■ To do ■
Look through the data below for the line with "TURN-KEY ALL-AGE MANUFACTURED" and the line with "Il Premio Federico", then transcribe exactly from the first through the second, leaving out all pictures.

■ Material provided ■
== Segment start ==
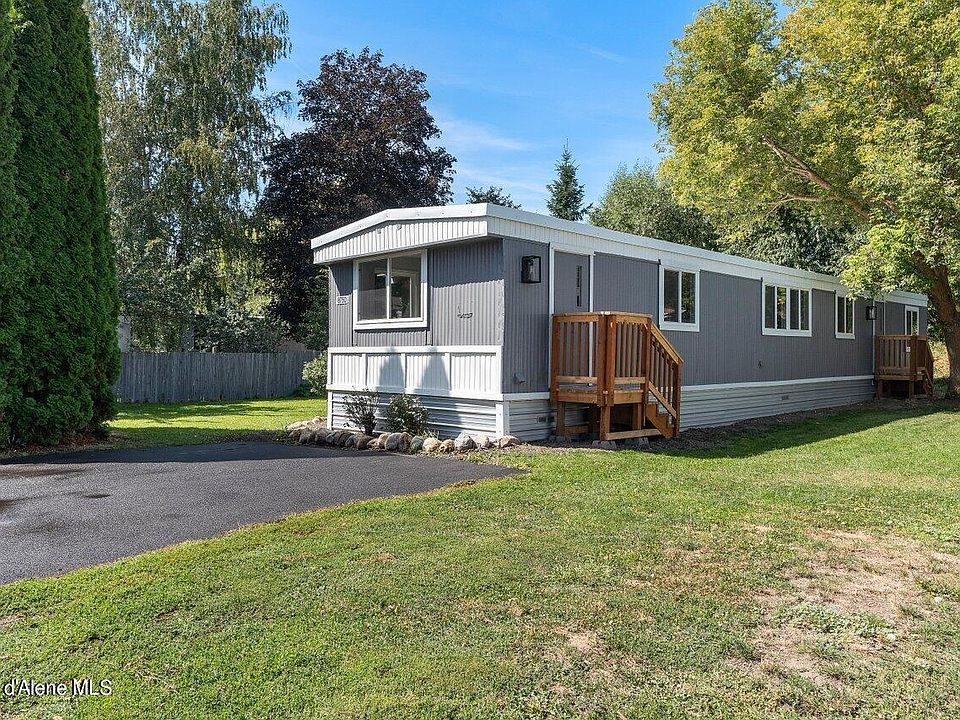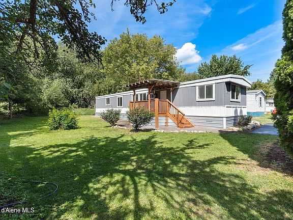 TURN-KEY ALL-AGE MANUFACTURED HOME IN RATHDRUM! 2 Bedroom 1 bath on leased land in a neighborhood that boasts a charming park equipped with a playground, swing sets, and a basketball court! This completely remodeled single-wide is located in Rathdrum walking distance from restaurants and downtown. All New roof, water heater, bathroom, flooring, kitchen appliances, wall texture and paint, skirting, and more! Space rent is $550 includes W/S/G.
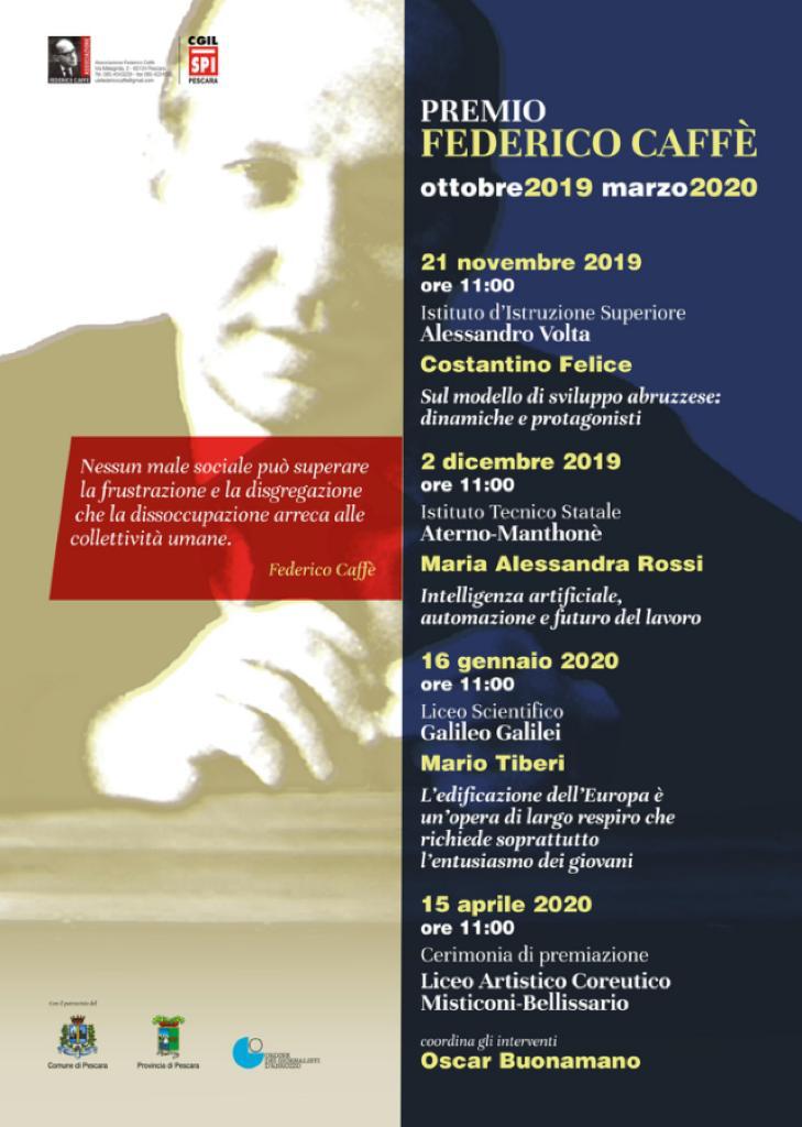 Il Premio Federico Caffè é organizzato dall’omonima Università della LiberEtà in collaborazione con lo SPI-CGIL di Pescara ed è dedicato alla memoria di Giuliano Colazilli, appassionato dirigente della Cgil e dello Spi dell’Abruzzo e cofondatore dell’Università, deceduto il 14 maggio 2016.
== Segment end ==
== Segment start ==
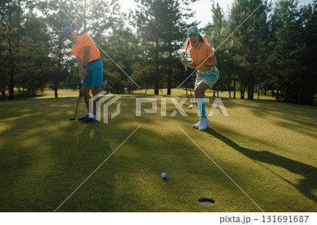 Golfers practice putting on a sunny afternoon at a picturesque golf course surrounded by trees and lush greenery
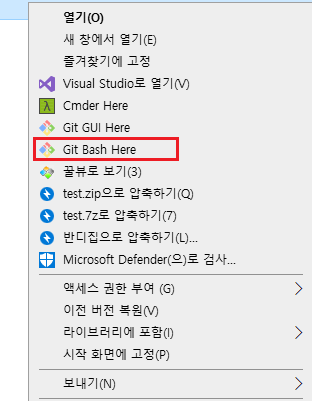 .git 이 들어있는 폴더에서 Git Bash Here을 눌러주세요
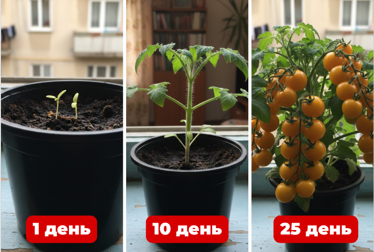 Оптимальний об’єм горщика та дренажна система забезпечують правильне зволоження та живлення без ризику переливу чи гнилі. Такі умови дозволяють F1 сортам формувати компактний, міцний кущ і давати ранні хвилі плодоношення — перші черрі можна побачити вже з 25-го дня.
== Segment end ==
■ The answer ■
 TURN-KEY ALL-AGE MANUFACTURED HOME IN RATHDRUM! 2 Bedroom 1 bath on leased land in a neighborhood that boasts a charming park equipped with a playground, swing sets, and a basketball court! This completely remodeled single-wide is located in Rathdrum walking distance from restaurants and downtown. All New roof, water heater, bathroom, flooring, kitchen appliances, wall texture and paint, skirting, and more! Space rent is $550 includes W/S/G.
 Il Premio Federico Caffè é organizzato dall’omonima Università della LiberEtà in collaborazione con lo SPI-CGIL di Pescara ed è dedicato alla memoria di Giuliano Colazilli, appassionato dirigente della Cgil e dello Spi dell’Abruzzo e cofondatore dell’Università, deceduto il 14 maggio 2016.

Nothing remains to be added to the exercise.